Павел принимал пополнение и знакомился с новичками. Личных дел особисты ему не показывали – для них он оставался штрафником, и точка. А что доверили взвод – так на войне всякое происходит, только доверие нужно еще оправдать.
Крохами информации делился ротный: этот самострельщик, только что из госпиталя; этот дезертировал, поймали, расстрел сменили на штрафбат: повезло сучонку; этот умный чересчур, выступал перед командиром постоянно, вот и довыступался; этот еще хуже – стрелял в своего взводного, тяжело ранил.

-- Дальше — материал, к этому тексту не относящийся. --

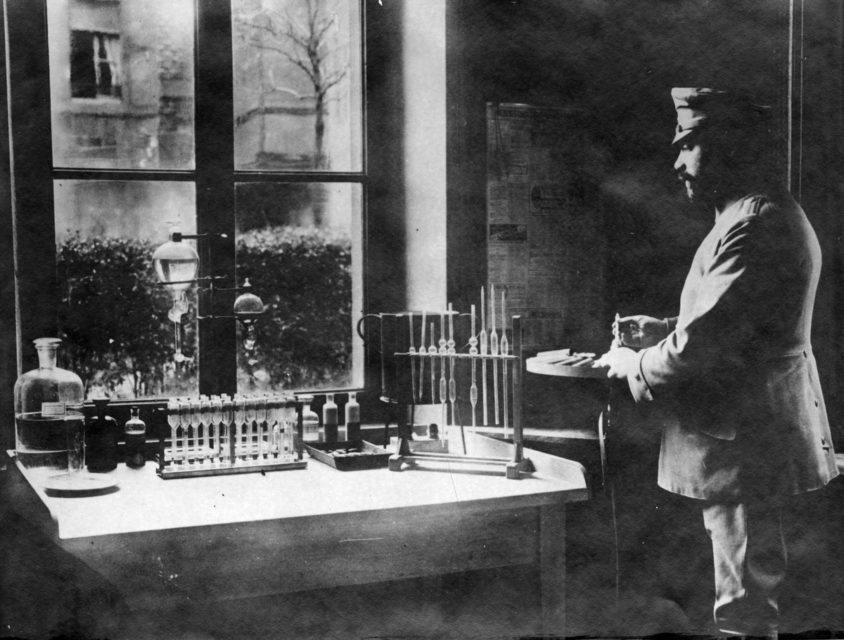 Första världskriget: Laboratoriet i ett tyskt fältmejeri, som förser fältlasaretten med mjölk, smör och ost.
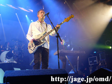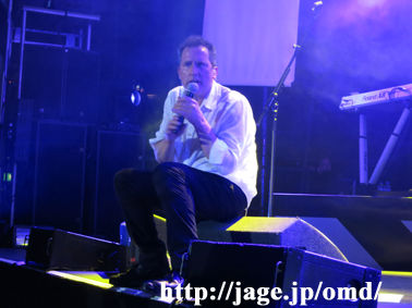 お礼を言ってから、大ヒット曲"Enola Gay"を演奏して本編は終了。
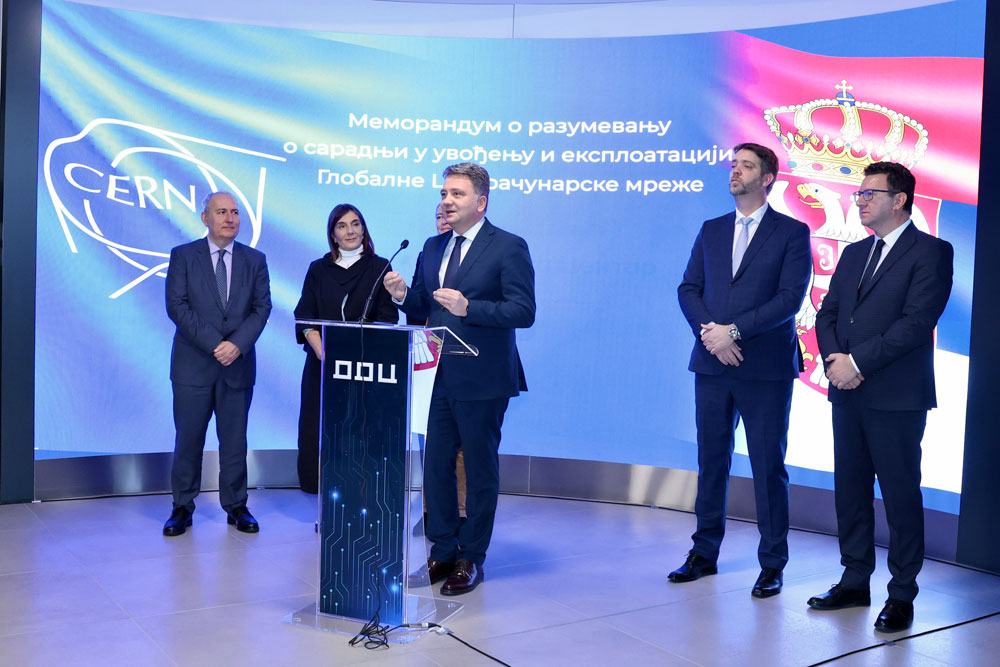 „Потписивањем овог Меморандума Србија постаје део Глобалне рачунарске мреже ЦЕРН-а. Наиме, у Државном дата центру у Крагујевцу ћемо успоставити чвориште намењено за чување, обрађивање и анализу научних података са Великог хадронског сударача (LHC - Large Hadron Collider) у ЦЕРН-у. Србија на овај начин постаје једна од само 7 земаља у Европи и 10. земља на свету, део Глобалне LHC рачунарске мреже, где се обрађују примарни подаци са физичких експеримената у ЦЕРН-у и где се подаци даље чине доступним светској научној заједници. То је уједно и прилика да се у оквиру научне заједнице у Србији развију и профилишу стручњаци који ће радити са подацима нуклеарних истраживања и имати могућност да сарађују са око 5.500 научника из 240 института из 54 земље широм света“, рекао је министар Јовановић и подсетио да Државни дата центар у Крагујевцу поседује сертификат, према стандарду ЕN50600 за испуњавање највишег нивоа поузданости, сигурности и ефикасности чувања опреме и података – сертификат за класу 4. Након што су донели одлуку да у Крагујевцу своју опрему и податке на комерцијалној основи чувају највећи светски ИТ гиганти попут Oracle, IBM и Хуавеи, од данас и ЦЕРН постаје корисник Државног дата центра - својеврсне иконе дигитализације у Србији.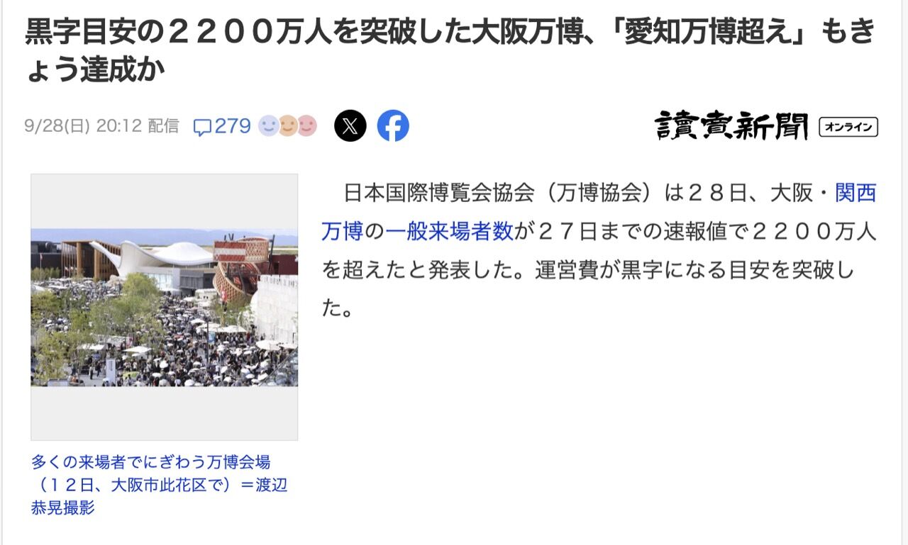 2005年の愛知万博では、目標の1500万人を大きく上回る約2205万人が来場した。日本総合研究所関西経済研究センターの藤山光雄所長は、愛知万博と同じペースで会期末まで来場者数が右肩上がりとなった場合、2500万人超に達すると予想。「9月下旬からは真夏の暑さが和らぐ」として、今後のさらなる増加につながると分析する。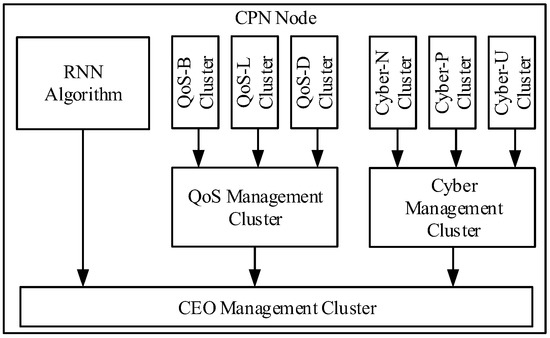 The DL Cluster Structure emulates the way the brain learns and makes choices by combing different learning algorithms. The proposed model is based on the RNN Reinforcement Learning for fast local decisions and DL for long-term memory to remember network identity: QoS metrics (Delay, Loss and Bandwidth) and Cyber keys (User, Packet and Node). The addition of a layer of DL Management Clusters (QoS, Cyber and CEO) takes the final routing decision based on the inputs from the DL QoS clusters and RNN Reinforcement Learning algorithm (Figure 6). The Deep Learning Cluster Structures has been applied in the CPN for Quality of Service metrics and Cyber Security keys in Management Decisions based on packet routing and flow control.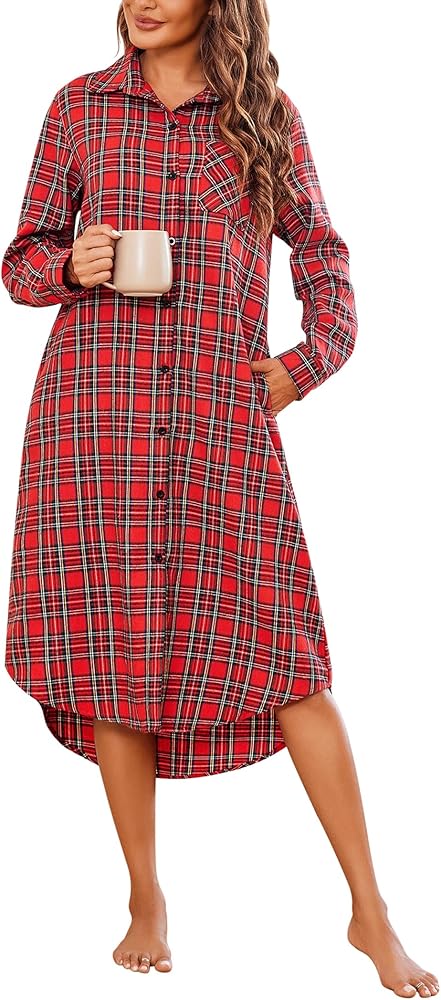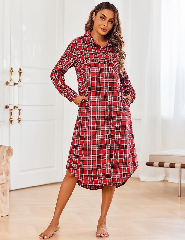 【تصميم منقوش وجيوب】: ملابس نوم كلاسيكية منقوشة، أكمام طويلة وأزرار لأعلى، تحتوي قمصان النوم هذه على جيب على الصدر وجيبين منزلقين.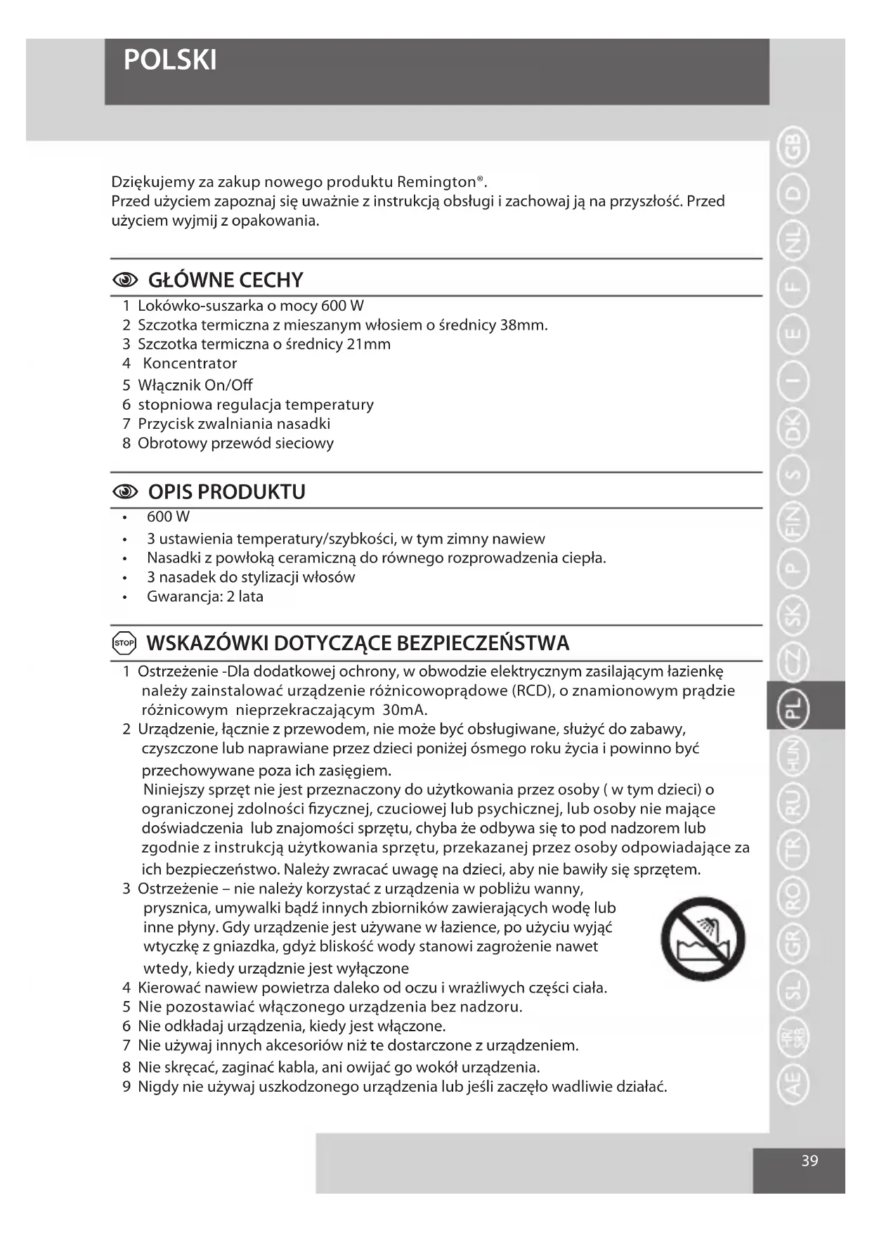 Dziękujemy za zakup nowego produktu Remington®.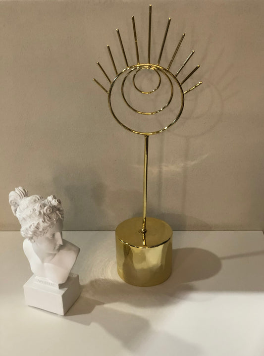 Enzo De Gasperi, scultura decorativa occhio dorato in metallo, h41xd9 cm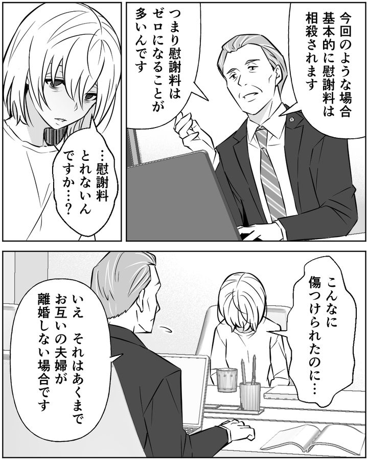 弁護士から、どちらも家族を裏切っていたため慰謝料は相殺される、と言われ絶望しました。こんなに傷つけられたのに、お金をとれないなんて!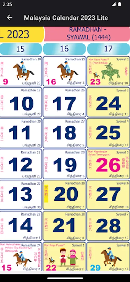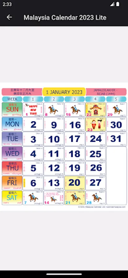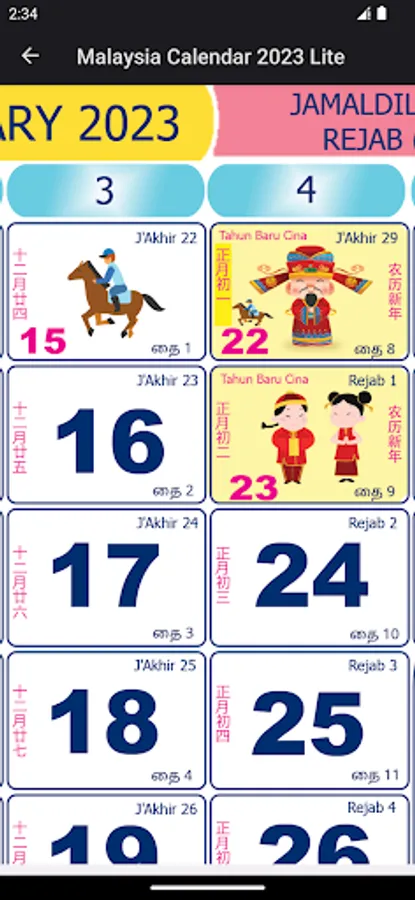 This application is a Malaysia calendar 2023 / 2022 made for Malaysian. It is similar to the popular racing horse calendar Malaysia, where it comprises the date of Chinese lunar calendar, Islamic calendar (Hijri calendar), Tamil dates, and various festival celebrated by Malaysian.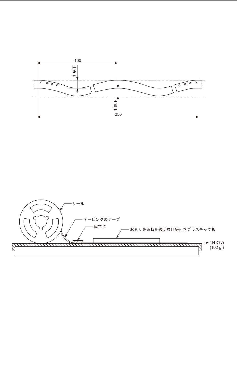 テープの片端を固定し、他の片端に 1 N (102 gf) の力を加えて引っ張り、

Так что будь начеку: если что – вали его первым, без разговоров.
Потом Гусев знакомился с каждым по отдельности. Большинство считали, что они без вины виноватые: начальство отыгралось или масть так легла. Каждый находил сколь угодно оправдывающих причин. И лишь один – тот, что стрелял в командира, дерзко признал свою вину.
Чечелев Алексей Владимирович, молодой парень, бывший студент, учился на юриста, отчислен за неуспеваемость. Местный, родом отсюда. Получается – земляк.
– За что в командира стрелял? – поинтересовался у него Гусев.
Разговор происходил один на один, иначе люди замыкались, не позволяя лезть себе в душу.
– Дурак потому что, – спокойно ответил бывший студент.
– Кто? – в тон ему спросил Павел.
– Ну не я же.
– А ты, значит, умный?
– А че, не похоже? – с вызовом спросил парень.
– Поглядим, – парировал Гусев. – Хотя бы раз выступишь – грохну без разговоров.
– Ты сказал, я услышал, – с подтекстом ответил Чечелев.
Дескать, спасибо, что предупредил, если что – не успеешь, я выстрелю первым.
Гусев понял его отлично и все же сохранял видимое равнодушие.
– Свободен. Позови следующего, – приказал он.
Когда Чечелев вышел, Павел услыхал через неплотно прикрытую дверь:
– Слышь, студент, ты не ерепенься. Взводный наш мужик лютый. Мы видели, что он творил, пока нас не отвели на пополнение, знаем, на что способен. Так и зовем его с тех пор между собой – Лютый.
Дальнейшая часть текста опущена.